I was so excited to make this dish for dinner last night! It is full of veggies and as our garden is growing I have been anxious to use our vegetables! This dish is refreshing, filling, and healthy. We loved it and will be making it every summer when the squash and zucchini make their way to my kitchen.
Summer Veggie Skillet Lasagna
2 tbsp EVOO
1 onion, finely chopped
4 garlic cloves, minced
1 (28oz) can diced tomatoes
salt and pepper
10 lasagna noodles, broken into 2 inch pieces
1 small zucchini, cut into 1/2 inch chunks
1 small squash, cut into 1/2 inch chunks
1/4 cup fresh basil, shredded
1 cup part skim ricotta cheese
1 cup freshly grated parmesan cheese
Heat oil in a large 12 inch skillet over medium heat until simmering. Add onion and cook until soft, about 3 minutes. Add garlic and cook until fragrant, about 3o seconds. Drain tomatoes into a 2 cup measuring cup. Add additional water to make 2 full cups of liquid. Add to skillet with 1 tsp salt.

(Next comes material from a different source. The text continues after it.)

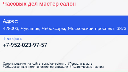 Часовых дел мастер, салон по адресу 428003, Чувашия, Чебоксары, Московский проспект, 38/3 в дальнейшем Организация, размещена в следующих категориях:

Scatter noodles in skillet. Layer tomatoes over noodles and bring to a simmer. Reduce heat to medium and cook, stirring occasionally for about 10 minutes.
Stir in veggies and cook, stirring occasionally about another 8 minutes or so until veggies and noodles are tender. Add basil, half of the ricotta and parmesan, and salt and pepper to taste. Stir until sauce is creamy. Dollop remaining ricotta over noodles and sprinkle with remaining parmesan cheese.